Mullingar - a town in Co. Westmeath + mulligrubs (Australian Slang) - colic, depression, low spirits + Mullingar Inn, pub, Chapelizod + FSTD: And with the gush of a spring alice the fossickers and swagglers with him on the hoof from down under spiked forth desert roses in that mulligar scrub. 

scrub - stunted trees or shrubs, brushwood; also, a tract of country overgrown with 'scrub'. In Austral. and N.Z. usage, any tract of heavily wooded country, whether bearing small or large bushes or trees.

reenter - to enter again + (the tailor) → "here is tayleren. Ashe and Whitehead, closechop, successor to." [311.24] + Gideon was son of Joash [311.24] [328.04] + {the tailor returns from the races in his white hat and bad temper - he claims the captain to be impossible to fit}

ashe - obs. form of ash, and of ask (v.)

peewee - small, tiny + pei-wei (Chinese) - kerchief.

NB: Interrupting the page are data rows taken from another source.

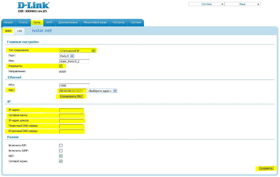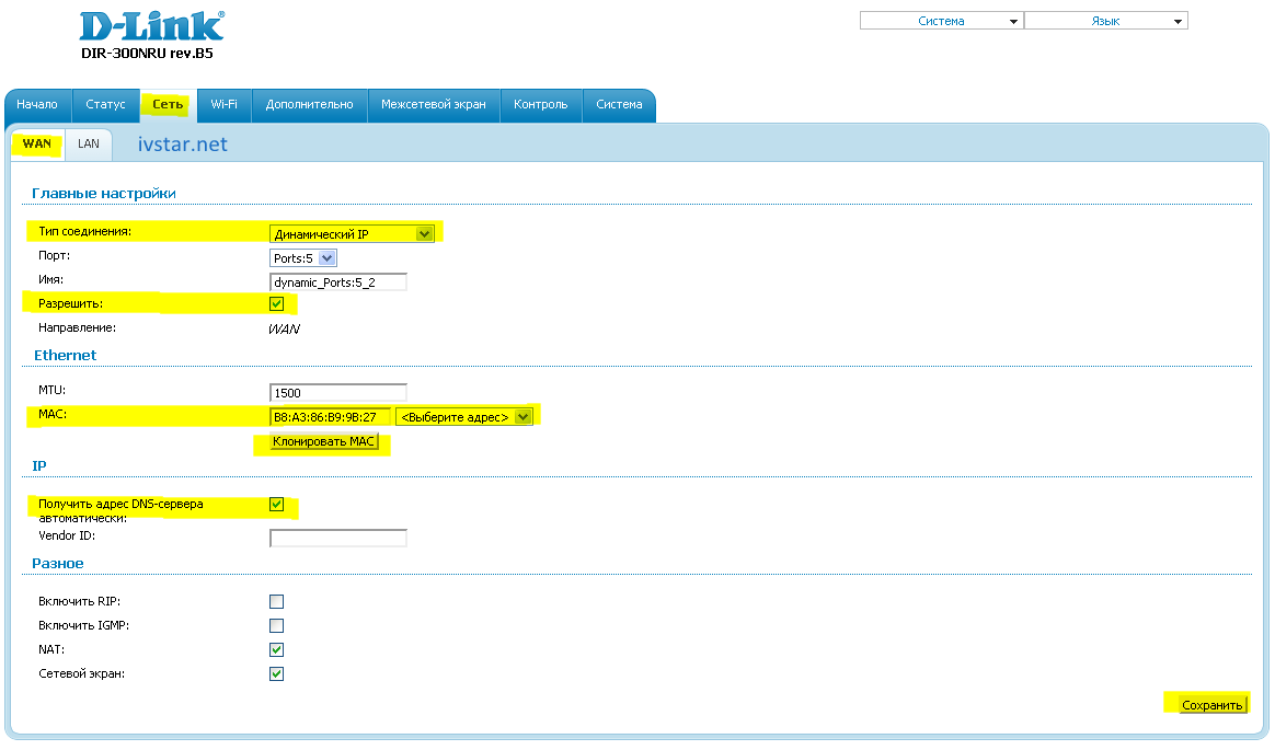 Настройка D-Link DIR-300 NRU B5 на RuDevice.ru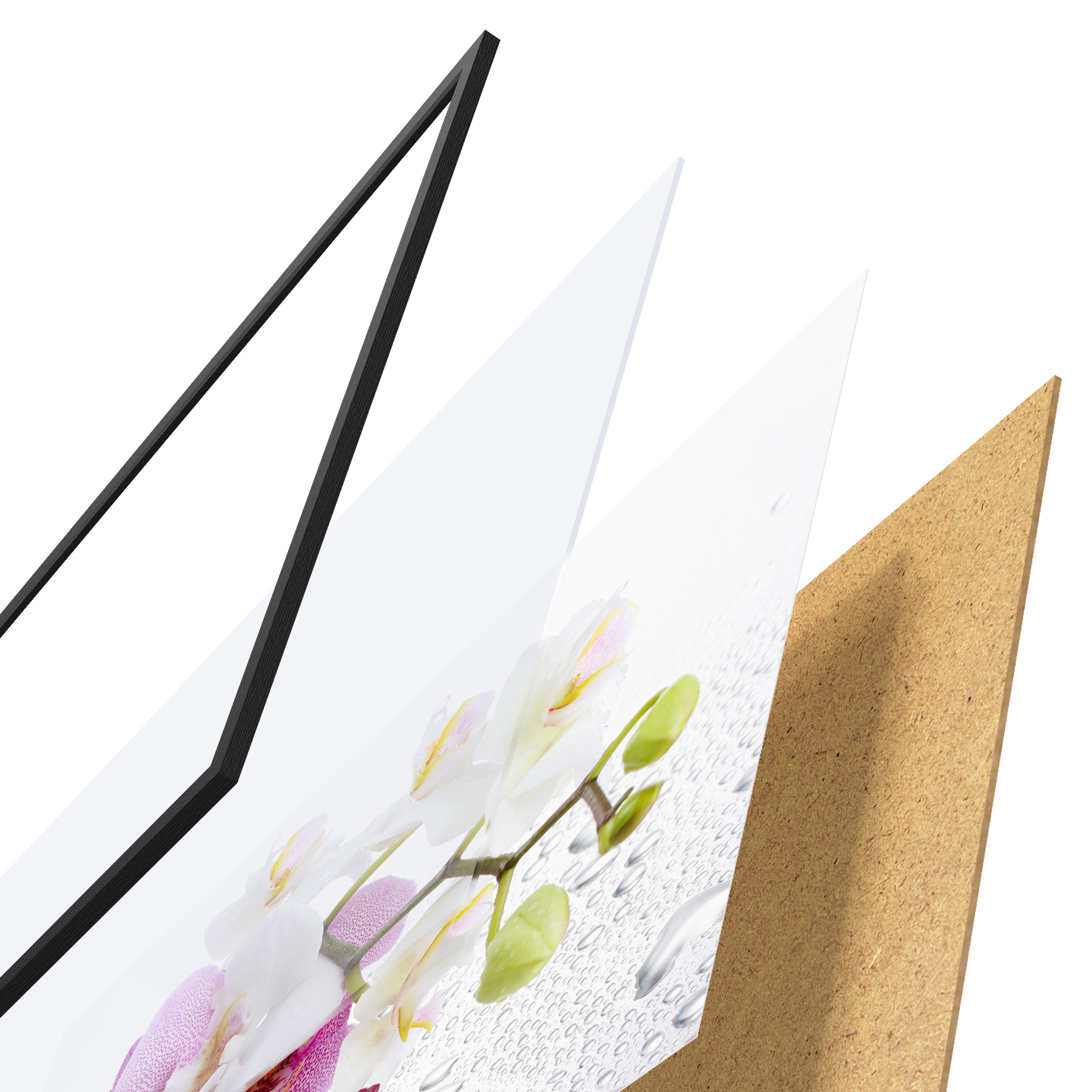 Il poster è composto da cornice, plexiglass, immagine stampata e supporto in truciolato. Il poster può essere immediatamente appeso alla parete grazie ai supporti sul retro.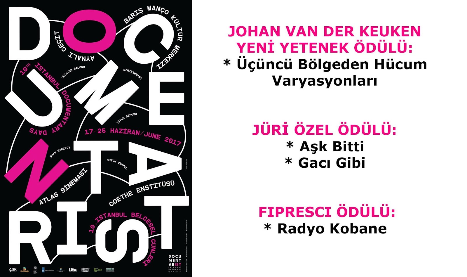 DOCUMENTARIST 10. İstanbul Belgesel Günleri’nin ödülleri belli oldu. Johan van der Keuken Yeni Yetenek Ödülü “Üçüncü Bölgeden Hücum Varyasyonları”na giderken “Aşk Bitti” ve “Gacı Gibi” filmleri Jüri Özel Ödülü aldı. Festivalin FIPRESCI Ödülü ise “Radyo Kobane”ye verildi.25 Haziran Pazar gecesi sona erecek olan DOCUMENTARIST 10. İstanbul Belgesel Günleri’nin ödülleri açıklandı. İlk veya ikinci filmiyle festivale katılan yeni yönetmenleri desteklemek amacıyla verilen Johan van der Keuken Yeni Yetenek Ödülü, Sedat Şahin ve Murat Adıyaman’ın yönettiği Hakkarigücü Kadın Futbol Takımının hikâyesini anlatan “Üçüncü Bölgeden Hücum Varyasyonları” filmine verildi. Braxton Hood, Gülen Güler, Yusuf Güven, Ayşe Çetinbaş ve Selim Yıldız‘dan oluşan jüri, Mert Kaya’nın “Aşk Bitti” ve Serkan Çiftçi’nin “Gacı Gibi” filmlerini de Jüri Özel Ödülü’ne layık gördü. Yeşim Tabak, Yeşim Burul ve Şenay Aydemir’den oluşan FIPRESCI (Uluslararası Film Eleştirmenleri Federasyonu) Ödülü ise Reber Dosky’nin yönettiği “Radyo Kobane” (Radio Kobani) filmine gitti.

tiptop - the very top; the highest point or part

nankeen - a kind of cotton cloth, originally made at Nanking from a yellow variety of cotton, but now extensively manufactured from ordinary cotton and dyed yellow

pantaloons - a tight-fitting kind of trousers fastened with ribbons or buttons below the calf, or, later, by straps passing under the boots, which were introduced late in the 18th c., and began to supersede knee-breeches; Hence extended to trousers generally.

cheroot - a cigar made in Southern India or Manilla. This sort being truncated at both ends, the name was extended to all cigars with the two extremities cut off square, as distinguished from the ordinary cigar, which has one end pointed.

cheerio! - a parting exclamation of encouragement, 'goodbye'; a salutation before drinking + zhivio! or, originally, živeo! (English) - prosit!